START EXERCISE INPUT

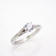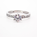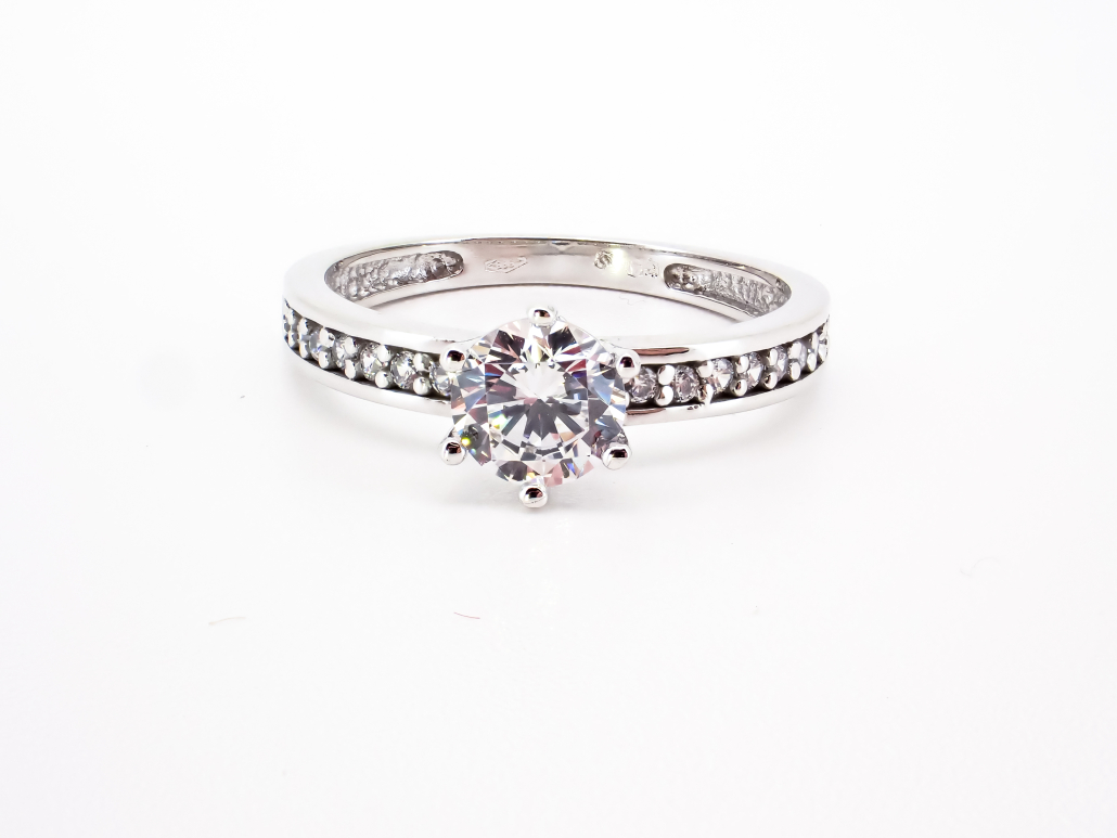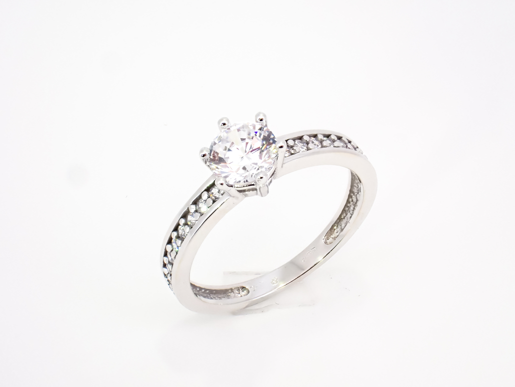 Ženski prstan iz belega zlata z linijo s cirkonov po obroču in večjim v osrednjem delu.
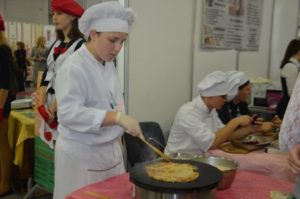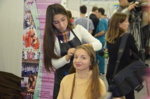 На выставке каждое учебное заведение презентовало свои наработки и преимущества. Приятным бонусом стали сюрпризы от профтехучилищ — кулинары порадовали гостей блинами, парикмахеры и визажисты — прическами и макияжем.
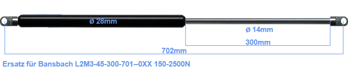 Ersatz Gasdruckfeder für Bansbach L2M3-45-300-701--0XX 150-2500 Newton. Die Stärke des Auges beträgt 10mm und der Lochdurchmesser ist 10.1mm. Marke: Hahn Gasfedern.
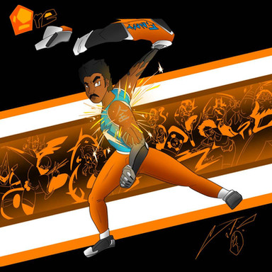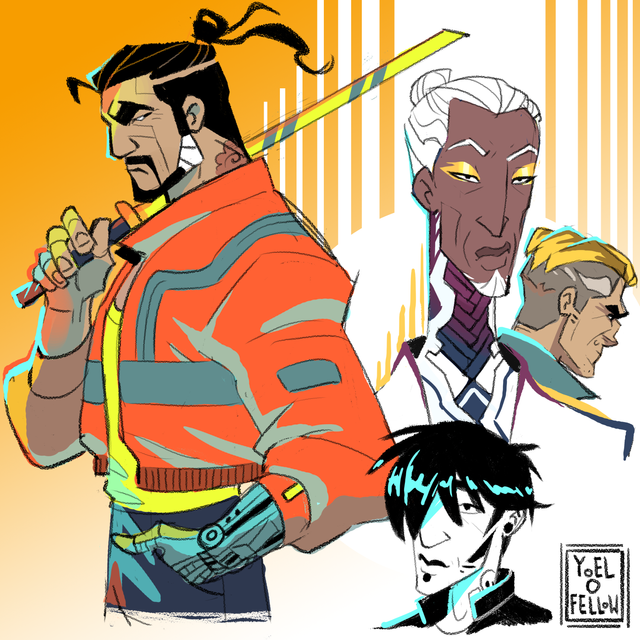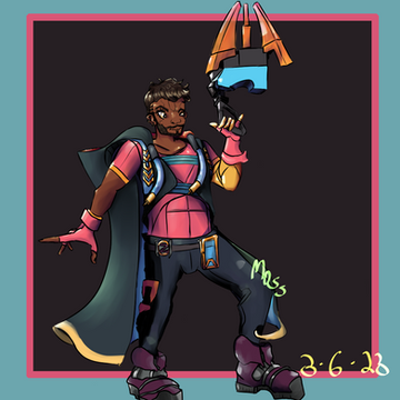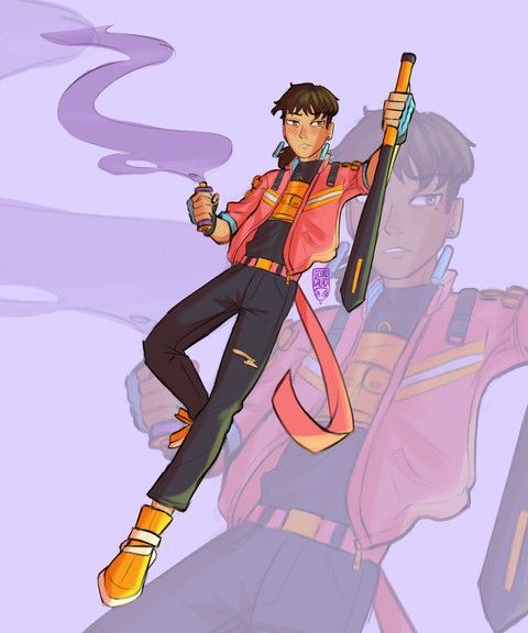 Easily one of my favorite character designs ever, Dee is the son of a detective and an engineer who is using his impromptu combination of these two disciples to engage in a deadly, impulsive manhunt with his disgraced father as the quarry! Those lucky enough to have worked with Dee along the way describe him as a "sentient lucky charm", whose allies are always "covered" (a running buzz word with him) when things heat up. Of course, he knows that luck is only part of it, that his capacity for planning and pacing paired with his experimental biotech are what guarantees his momentary allies safety. Only his circle, 4 deeply committed friends who share his vision for an end to a BARELY paused war among the shadows...
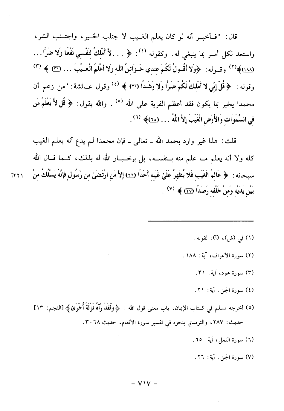 وقوله: قُلْ إِنِّي لا أَمْلِكُ لَكُمْ ضَرًّا ولا رَشَداً (21) «4» وقول عائشة:" من زعم أن محمدا يخبر بما يكون فقد أعظم الفرية على الله «5». والله يقول: قُلْ لا يَعْلَمُ مَنْ فِي السَّماواتِ والْأَرْضِ الْغَيْبَ إِلَّا اللَّهُ ... (65) «6».
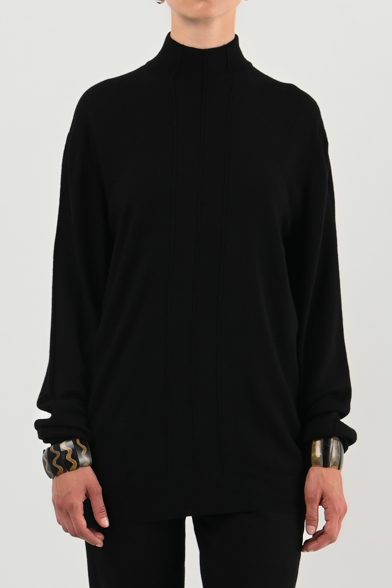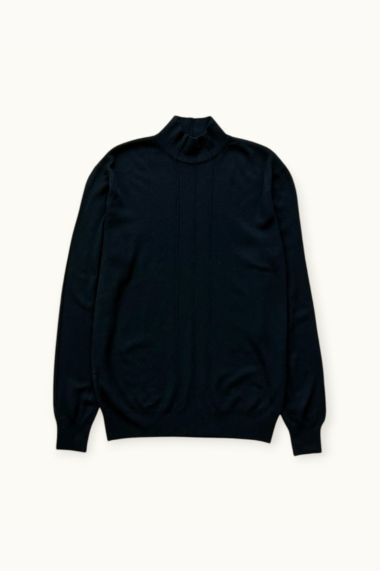 Pull noir en 100 % laine vierge, col montant structuré et coutures verticales apparentes.
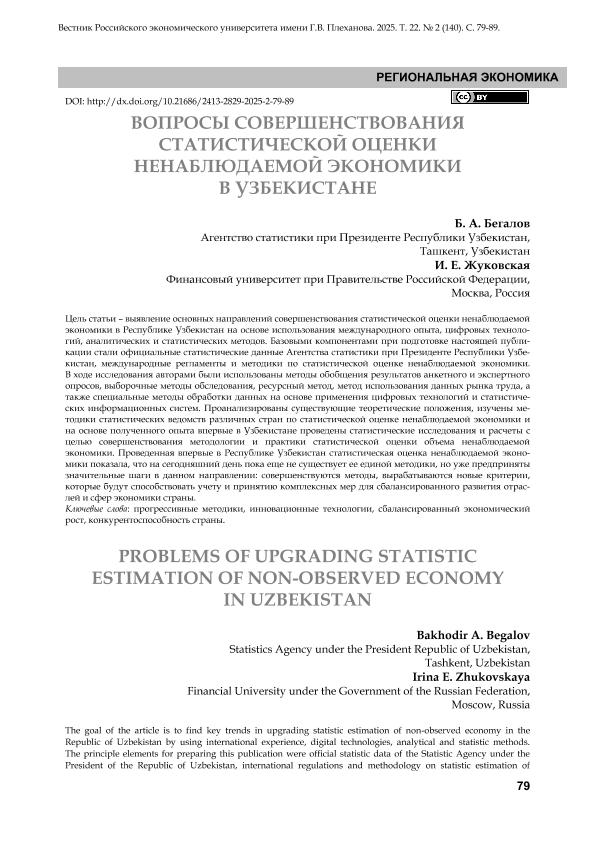 Бегалов, Б.А. Вопросы совершенствования статистической оценки ненаблюдаемой экономики в Узбекистане / Б.А. Бегалов, И.Е. Жуковская // Вестник Российского экономического университета имени Г.В. Плеханова. – 2025. – № 2. — С. 79-89. — Только в электронном виде. — <URL:http://elib.fa.ru/art2025/bv372.pdf>.
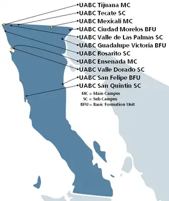 The Autonomous University of Baja California (UABC) has three main campuses, five sub campuses and three Units of Basic Formation outside the three 3 main facilities.
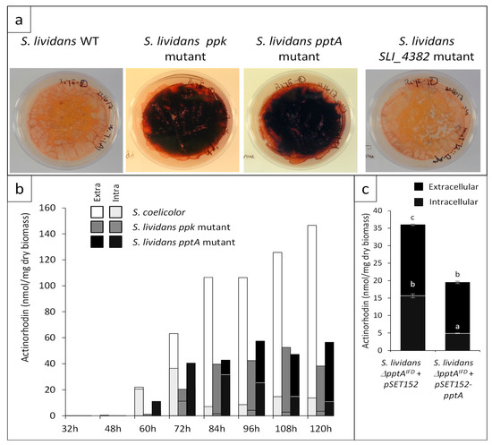 The strains S. lividans ppk::Ωhyg, S. lividans pptAIFD deletion mutant, and S. coelicolor M145 were grown for 72 h at 28 °C. Each strain was grown on four individual 9 mm diameter plates (Figure 4b) or on four 5 mm diameter plates (Figure 4c) of solid R2YE medium with no KH2PO4 added but containing 1 mM free K2HPO4 from elements of the media (condition of phosphate limitation). To quantify extracellular ACT, at different points throughout growth, the cellophane of the 9 mm diameter plates was lifted and a agar cylinder of the growth medium was taken aseptically from each of the four replicates using an appropriate device (Figure 4b) or the totality of the agar medium present just under the cellophane disk cellophane of each of the 4 replicates was cut into small pieces (Figure 4c). The 4 agar cylinders together (Figure 4b) or the agar pieces (Figure 4c) were allowed to diffuse in 2 mL of water for 2 h at 4 °C. The first eluate was transferred into a new tube. The operation was repeated twice and 3 mL of HCl (3 M) were added to the 6 mL of final eluate. The mixture was incubated on ice for one night to allow ACT precipitation. To quantify intracellular ACT at different time points throughout growth (Figure 4b) or after 72 h of cultivation (Figure 4c), mycelium present in an area of 1 cm2 of each replicate (Figure 4b) or the totally of the mycelium present under the cellophane disk (Figure 4c), was scraped off, lyophilized, and weighted. Collected mycelium samples were incubated in 1 mL of KOH (1 M) for 30 mn at 4 °C under agitation. After centrifugation, the supernatant was transferred into a new tube and this operation was repeated five times. Two mL of HCl (3 M) were added to the 4 mL of final eluate. The mixture was incubated on ice one night to allow ACT precipitation. After centrifugation at 13,000× g for 30 mn at 4 °C and elimination of the supernatant, the reddish pellet of precipitated ACT was re-suspended in 1 mL KOH (1 M). The optical density of the KOH solutions corresponding to extra- and intra-cellular ACT was determined at 640 nm in a Shimadzu UV-1800 spectrophotometer using KOH (1 M) as blank. The Beer–Lambert law (molar attenuation coefficient of ACT = 25,320) was used to calculate the amount of ACT produced expressed in nano moles per mg of dry biomass [43]. For Figure 4c, the results obtained are presented as the mean ± standard error; a p-value < 0.05 was considered as statistically significant. The letters above the histograms indicate the significance of the differences. When two histograms bear two different letters that means that they are statistically significantly different (p > 0.05; Tukey adjusted comparisons). For Figure 4b, the standard error could not be presented since the 4 agar plugs, as the four mycelial samples, were incubated in the same tube.
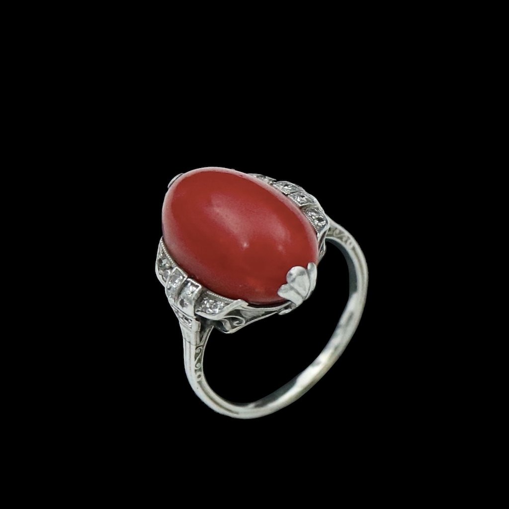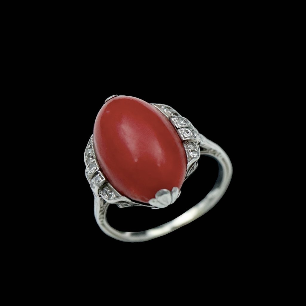 Art deco ring i sølv med koral og diamanter.
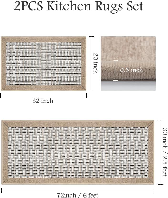 PADOOR Non Slip Kitchen Rugs Sets of 2 – Extra Large 2.5’x6′ + 20″x32″ Runner Rugs for Kitchen Floor Non Skid Washable, Absorbent Kitchen Mat for in Front of Sink 2 Piece Dark Brown(Brown)

END EXERCISE INPUT

◆ INSTRUCTIONS FOR THE TASK:
An exact copy of all the entries above is required, with every picture left out.

◆ SOLUTION BELOW:
 Ženski prstan iz belega zlata z linijo s cirkonov po obroču in večjim v osrednjem delu.
 На выставке каждое учебное заведение презентовало свои наработки и преимущества. Приятным бонусом стали сюрпризы от профтехучилищ — кулинары порадовали гостей блинами, парикмахеры и визажисты — прическами и макияжем.
 Ersatz Gasdruckfeder für Bansbach L2M3-45-300-701--0XX 150-2500 Newton. Die Stärke des Auges beträgt 10mm und der Lochdurchmesser ist 10.1mm. Marke: Hahn Gasfedern.
 Easily one of my favorite character designs ever, Dee is the son of a detective and an engineer who is using his impromptu combination of these two disciples to engage in a deadly, impulsive manhunt with his disgraced father as the quarry! Those lucky enough to have worked with Dee along the way describe him as a "sentient lucky charm", whose allies are always "covered" (a running buzz word with him) when things heat up. Of course, he knows that luck is only part of it, that his capacity for planning and pacing paired with his experimental biotech are what guarantees his momentary allies safety. Only his circle, 4 deeply committed friends who share his vision for an end to a BARELY paused war among the shadows...
 وقوله: قُلْ إِنِّي لا أَمْلِكُ لَكُمْ ضَرًّا ولا رَشَداً (21) «4» وقول عائشة:" من زعم أن محمدا يخبر بما يكون فقد أعظم الفرية على الله «5». والله يقول: قُلْ لا يَعْلَمُ مَنْ فِي السَّماواتِ والْأَرْضِ الْغَيْبَ إِلَّا اللَّهُ ... (65) «6».
 Pull noir en 100 % laine vierge, col montant structuré et coutures verticales apparentes.
 Бегалов, Б.А. Вопросы совершенствования статистической оценки ненаблюдаемой экономики в Узбекистане / Б.А. Бегалов, И.Е. Жуковская // Вестник Российского экономического университета имени Г.В. Плеханова. – 2025. – № 2. — С. 79-89. — Только в электронном виде. — <URL:http://elib.fa.ru/art2025/bv372.pdf>.
 The Autonomous University of Baja California (UABC) has three main campuses, five sub campuses and three Units of Basic Formation outside the three 3 main facilities.
 The strains S. lividans ppk::Ωhyg, S. lividans pptAIFD deletion mutant, and S. coelicolor M145 were grown for 72 h at 28 °C. Each strain was grown on four individual 9 mm diameter plates (Figure 4b) or on four 5 mm diameter plates (Figure 4c) of solid R2YE medium with no KH2PO4 added but containing 1 mM free K2HPO4 from elements of the media (condition of phosphate limitation). To quantify extracellular ACT, at different points throughout growth, the cellophane of the 9 mm diameter plates was lifted and a agar cylinder of the growth medium was taken aseptically from each of the four replicates using an appropriate device (Figure 4b) or the totality of the agar medium present just under the cellophane disk cellophane of each of the 4 replicates was cut into small pieces (Figure 4c). The 4 agar cylinders together (Figure 4b) or the agar pieces (Figure 4c) were allowed to diffuse in 2 mL of water for 2 h at 4 °C. The first eluate was transferred into a new tube. The operation was repeated twice and 3 mL of HCl (3 M) were added to the 6 mL of final eluate. The mixture was incubated on ice for one night to allow ACT precipitation. To quantify intracellular ACT at different time points throughout growth (Figure 4b) or after 72 h of cultivation (Figure 4c), mycelium present in an area of 1 cm2 of each replicate (Figure 4b) or the totally of the mycelium present under the cellophane disk (Figure 4c), was scraped off, lyophilized, and weighted. Collected mycelium samples were incubated in 1 mL of KOH (1 M) for 30 mn at 4 °C under agitation. After centrifugation, the supernatant was transferred into a new tube and this operation was repeated five times. Two mL of HCl (3 M) were added to the 4 mL of final eluate. The mixture was incubated on ice one night to allow ACT precipitation. After centrifugation at 13,000× g for 30 mn at 4 °C and elimination of the supernatant, the reddish pellet of precipitated ACT was re-suspended in 1 mL KOH (1 M). The optical density of the KOH solutions corresponding to extra- and intra-cellular ACT was determined at 640 nm in a Shimadzu UV-1800 spectrophotometer using KOH (1 M) as blank. The Beer–Lambert law (molar attenuation coefficient of ACT = 25,320) was used to calculate the amount of ACT produced expressed in nano moles per mg of dry biomass [43]. For Figure 4c, the results obtained are presented as the mean ± standard error; a p-value < 0.05 was considered as statistically significant. The letters above the histograms indicate the significance of the differences. When two histograms bear two different letters that means that they are statistically significantly different (p > 0.05; Tukey adjusted comparisons). For Figure 4b, the standard error could not be presented since the 4 agar plugs, as the four mycelial samples, were incubated in the same tube.
 Art deco ring i sølv med koral og diamanter.
 PADOOR Non Slip Kitchen Rugs Sets of 2 – Extra Large 2.5’x6′ + 20″x32″ Runner Rugs for Kitchen Floor Non Skid Washable, Absorbent Kitchen Mat for in Front of Sink 2 Piece Dark Brown(Brown)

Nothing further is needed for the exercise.